There is actually a logic to all three positions.
It starts with the huge difference between Cold War and post-Cold War foreign policy. During the Cold War, U.S. foreign policy “was all about how we affect the external behavior of states,” said Michael Mandelbaum, the Johns Hopkins University foreign affairs expert. We were ready to overlook the internal behavior of states, both because we needed them as allies in the Cold War and because, with the Russians poised on the other side, any intervention could escalate into a superpower confrontation.
Post-Cold War foreign policy today is largely about “affecting the internal composition and governance of states,” added Mandelbaum, many of which in the Middle East are failing and threaten us more by their collapse into ungoverned regions — not by their strength or ability to project power.
But what we’ve learned in Bosnia, Afghanistan, Libya, Iraq, Egypt and Syria is that it is very hard to change another country’s internal behavior — especially at a cost and in a time frame that the American public will tolerate — because it requires changing a country’s political culture and getting age-old adversaries to reconcile.
The primary foreign policy tools that served us so well in the Cold War, said Mandelbaum, “guns, money and rhetoric, simply don’t work for these new tasks. It is like trying to open a can with a sponge.”

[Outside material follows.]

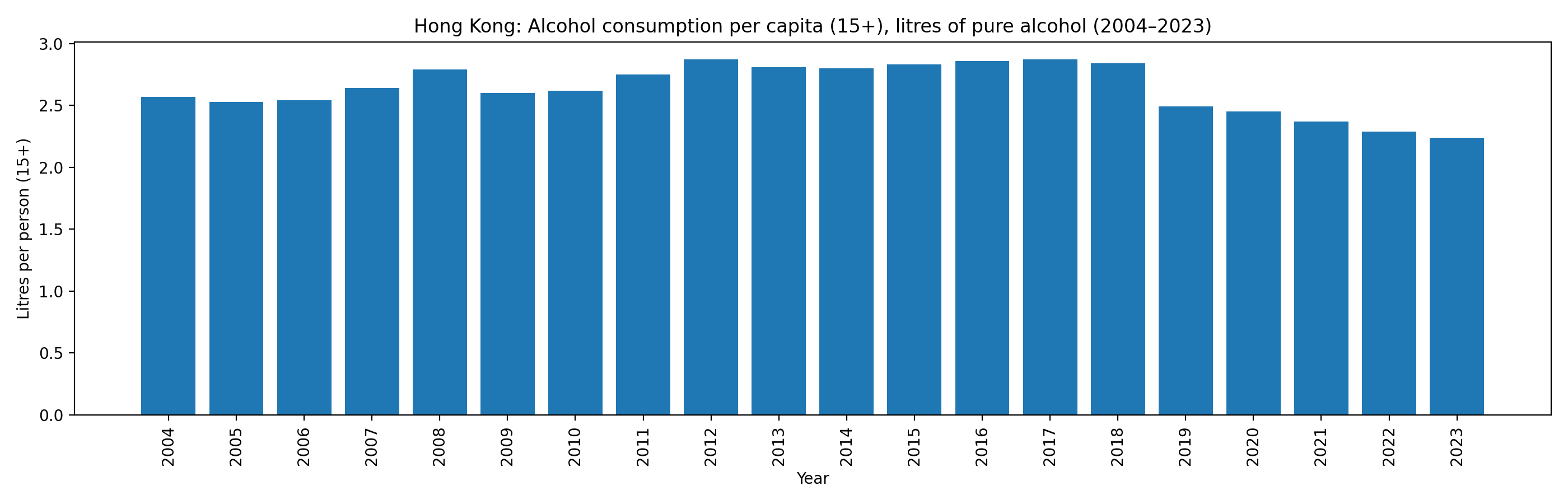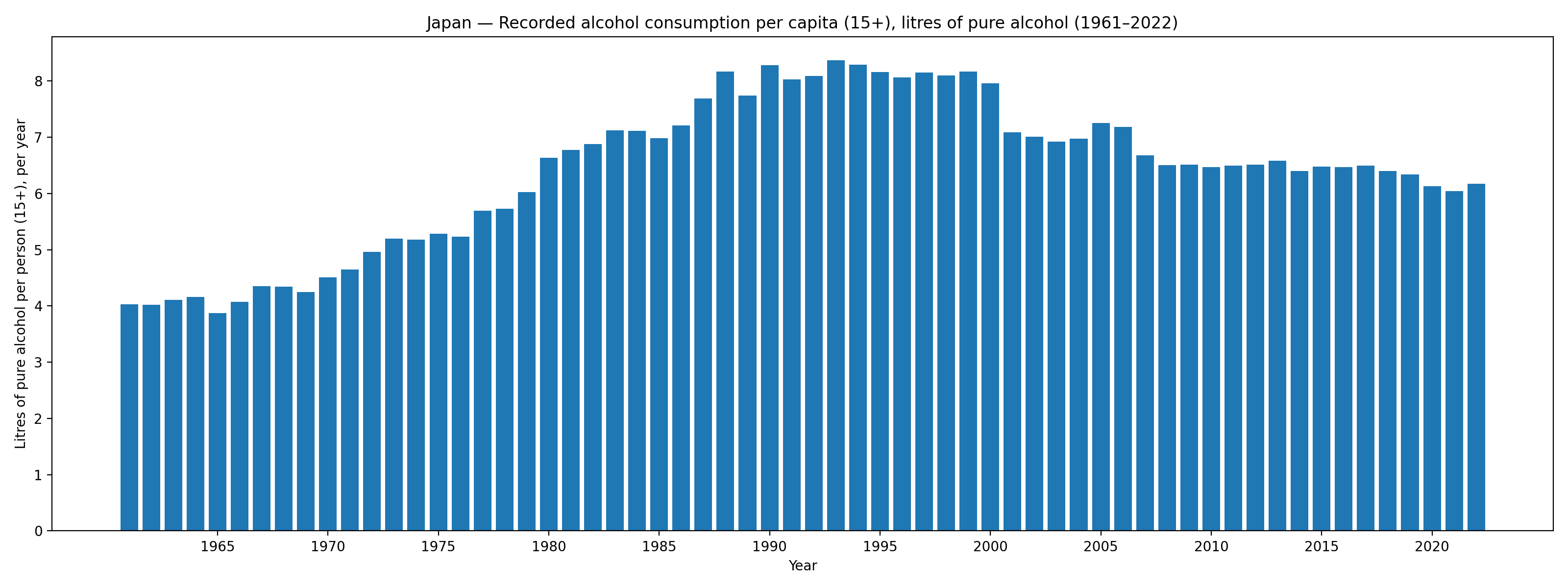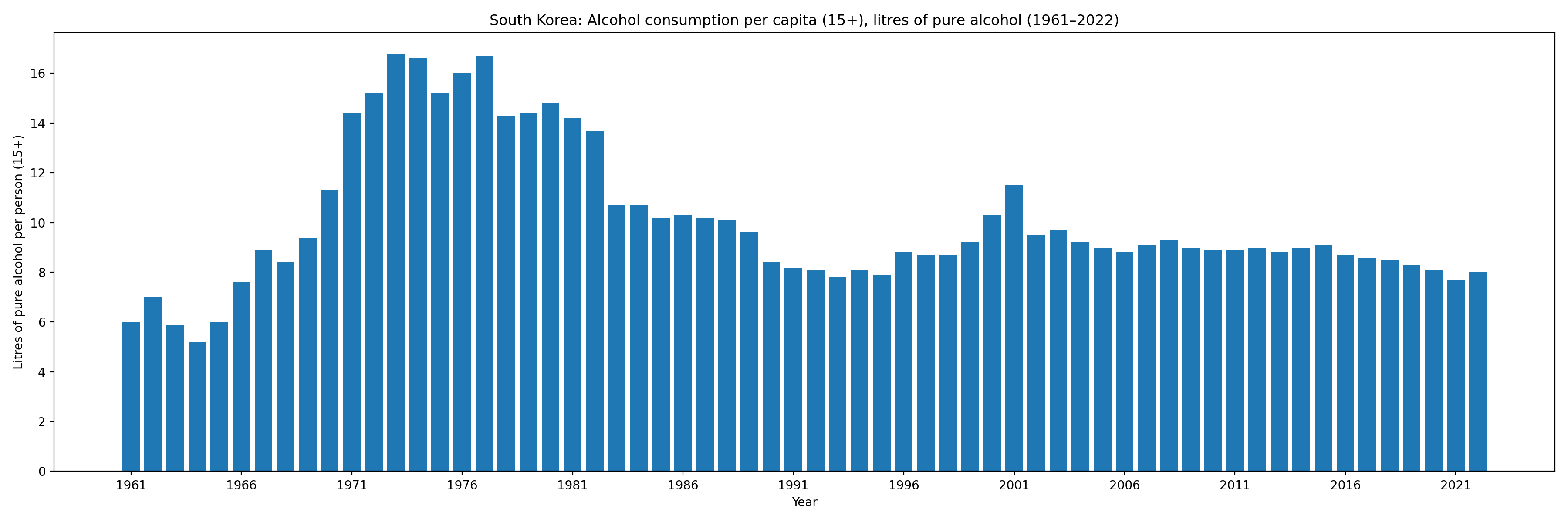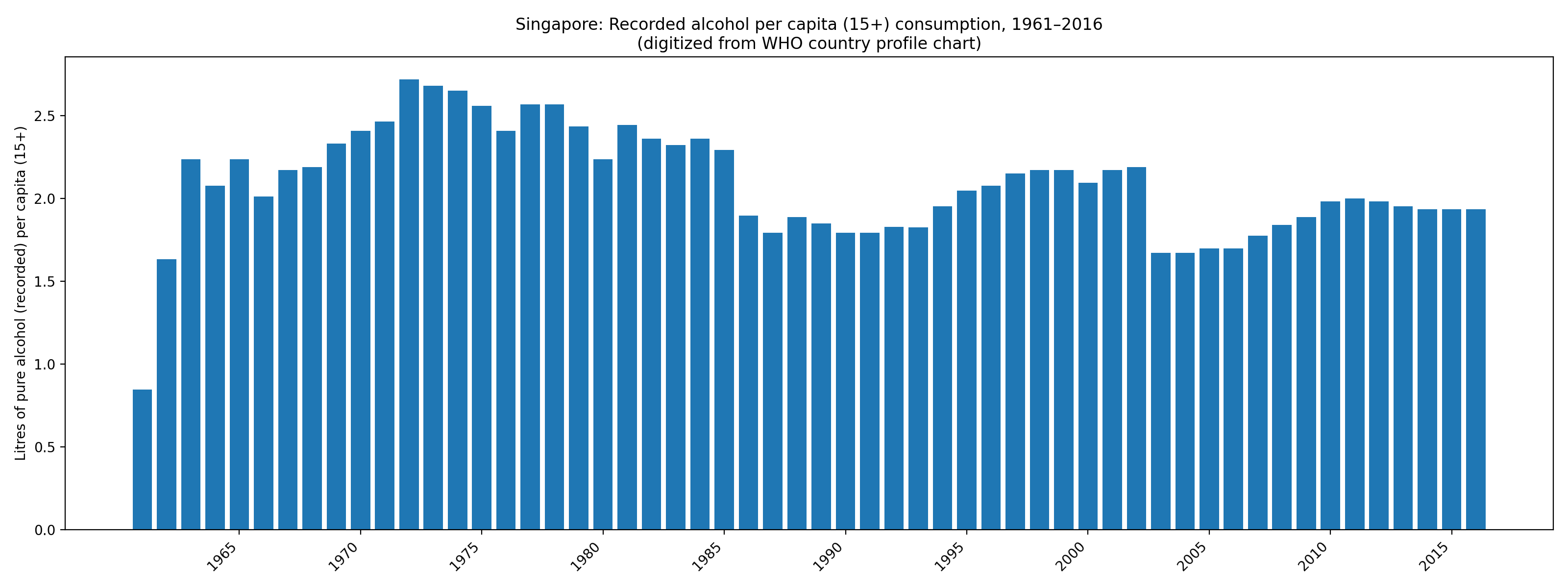我们拿和国内文化习俗有相似之处的几个东亚国家和地区:分别是日本、韩国、新加坡、中国香港尽可能长周期的人均酒精消费量的数据来看下;

To help another country change internally requires a mix of refereeing, policing, coaching, incentivizing, arm-twisting and modeling. But even all of that cannot accomplish the task and make a country’s transformation self-sustaining, unless the people themselves want to take charge of the process.

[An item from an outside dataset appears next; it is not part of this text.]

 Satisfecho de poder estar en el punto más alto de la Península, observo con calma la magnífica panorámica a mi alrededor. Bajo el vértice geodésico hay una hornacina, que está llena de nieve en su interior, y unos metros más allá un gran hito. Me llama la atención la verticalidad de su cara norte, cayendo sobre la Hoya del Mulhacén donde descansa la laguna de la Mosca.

People of the region often blame us, because they either will not or cannot accept their own responsibility for putting things right. Or, if they do, they don’t see a way to forge the necessary societal compromises.
As for blaming Obama — for leaving Iraq too soon, or not going more deeply into Libya or Syria — it grows out of the same problem. Some liberals want to “do something” in places like Libya and Syria; they just don’t want to do what is necessary, which would be a long-term occupation to remake the culture and politics of both places. And conservative hawks who want to intervene just don’t understand how hard it is to remake the culture and politics in such places, where freedom, equality and justice for all are not universal priorities, because some people want to be “free” to be more Islamist or more sectarian.

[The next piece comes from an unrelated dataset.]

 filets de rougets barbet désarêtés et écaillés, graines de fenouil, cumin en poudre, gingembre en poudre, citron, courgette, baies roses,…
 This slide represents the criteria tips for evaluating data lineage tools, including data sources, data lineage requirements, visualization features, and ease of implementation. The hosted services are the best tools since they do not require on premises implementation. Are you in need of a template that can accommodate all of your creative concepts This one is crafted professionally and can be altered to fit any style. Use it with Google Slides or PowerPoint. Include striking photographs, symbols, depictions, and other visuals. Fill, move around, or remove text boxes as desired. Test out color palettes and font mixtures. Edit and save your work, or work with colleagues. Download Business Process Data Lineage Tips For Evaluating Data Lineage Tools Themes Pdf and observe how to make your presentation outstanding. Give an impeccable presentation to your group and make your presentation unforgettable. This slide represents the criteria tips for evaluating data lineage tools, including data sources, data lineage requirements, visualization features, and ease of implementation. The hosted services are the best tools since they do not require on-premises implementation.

Regarding the use of chemical weapons, U.S. officials are rightly considering using cruise missiles to punish Syria. But we have no hope of making Syria united, democratic and inclusive without a much bigger involvement and without the will of a majority of Syrians.
As that reality has sunk in, so has another reality, which the American public intuits: Our rising energy efficiency, renewable energy, hydraulic fracturing and horizontal drilling are making us much less dependent on the Middle East for oil and gas. The Middle East has gone from an addiction to a distraction.
Imagine that five years ago someone had said to you: “In 2013, Egypt, Libya, Syria, Tunisia, Yemen and Iraq will all be in varying states of political turmoil or outright civil war; what do you think the price of crude will be?” You’d surely have answered, “At least $200 a barrel.”
But it’s half that — for a reason: “We now use 60 percent less energy per unit of GDP than we did in 1973,” explained the energy economist Philip Verleger. “If the trend continues, we will use half the energy per unit of GDP in 2020 that we used in 2012.” In 2006, the United States depended on foreign oil for 60 percent of its consumption. Today, it’s about 36 percent. True, oil is a global market.But the urgency is gone. “The Middle East is China’s problem,” Verleger said.
Obama knows all of this. He just can’t say it. But it does explain why his foreign policy has been mostly “nudging” and whispering. It is not very satisfying, not very much fun and won’t make much history, but it’s probably the best we can do or afford right now. And it’s certainly all that most Americans want.